▶ _DATA TO EXAMINE_:

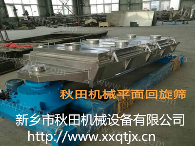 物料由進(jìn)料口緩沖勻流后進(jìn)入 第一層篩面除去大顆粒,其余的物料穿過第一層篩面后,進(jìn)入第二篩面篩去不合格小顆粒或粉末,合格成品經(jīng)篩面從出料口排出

* * *

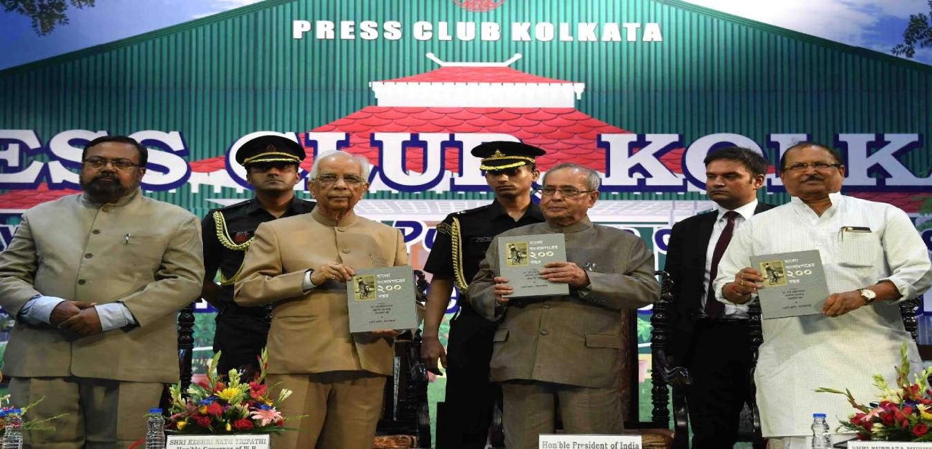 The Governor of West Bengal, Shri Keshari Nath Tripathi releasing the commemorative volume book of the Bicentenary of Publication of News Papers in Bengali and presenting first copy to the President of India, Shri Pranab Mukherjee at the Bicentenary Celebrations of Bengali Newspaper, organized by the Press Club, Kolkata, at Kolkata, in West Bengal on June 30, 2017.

* * *

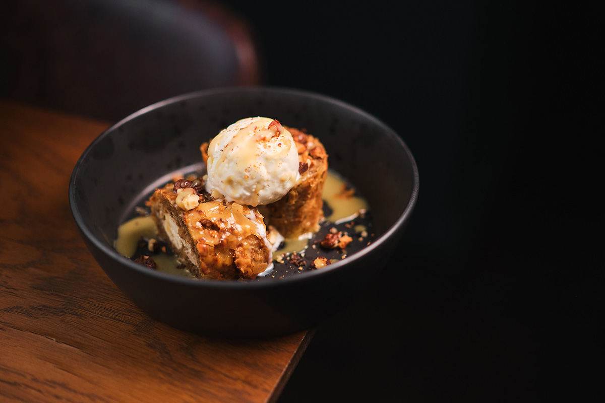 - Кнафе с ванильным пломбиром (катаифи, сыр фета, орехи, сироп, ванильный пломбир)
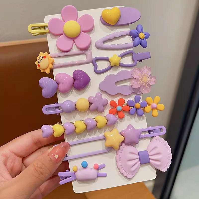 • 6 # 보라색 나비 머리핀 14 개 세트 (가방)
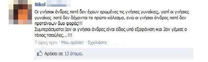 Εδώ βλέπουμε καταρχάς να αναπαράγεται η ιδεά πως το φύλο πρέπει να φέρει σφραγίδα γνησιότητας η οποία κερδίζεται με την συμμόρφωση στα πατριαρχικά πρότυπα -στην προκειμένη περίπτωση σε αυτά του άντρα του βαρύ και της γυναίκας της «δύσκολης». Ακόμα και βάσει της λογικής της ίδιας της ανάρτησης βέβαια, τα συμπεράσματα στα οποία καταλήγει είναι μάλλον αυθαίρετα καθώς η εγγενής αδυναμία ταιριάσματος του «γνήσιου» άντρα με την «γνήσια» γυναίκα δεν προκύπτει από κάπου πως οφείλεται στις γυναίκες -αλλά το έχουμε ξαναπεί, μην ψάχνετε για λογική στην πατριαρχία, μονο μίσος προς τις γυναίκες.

▶ _PROBLEM TO WORK ON_:
Once the line with "- Кнафе с ванильным" is found in the data above, reproduce it and each line after it exactly, through the line with "14 개 세트 (가방)". Omit the pictures.

▶ _EXERCISE RESPONSE_:
 - Кнафе с ванильным пломбиром (катаифи, сыр фета, орехи, сироп, ванильный пломбир)
 • 6 # 보라색 나비 머리핀 14 개 세트 (가방)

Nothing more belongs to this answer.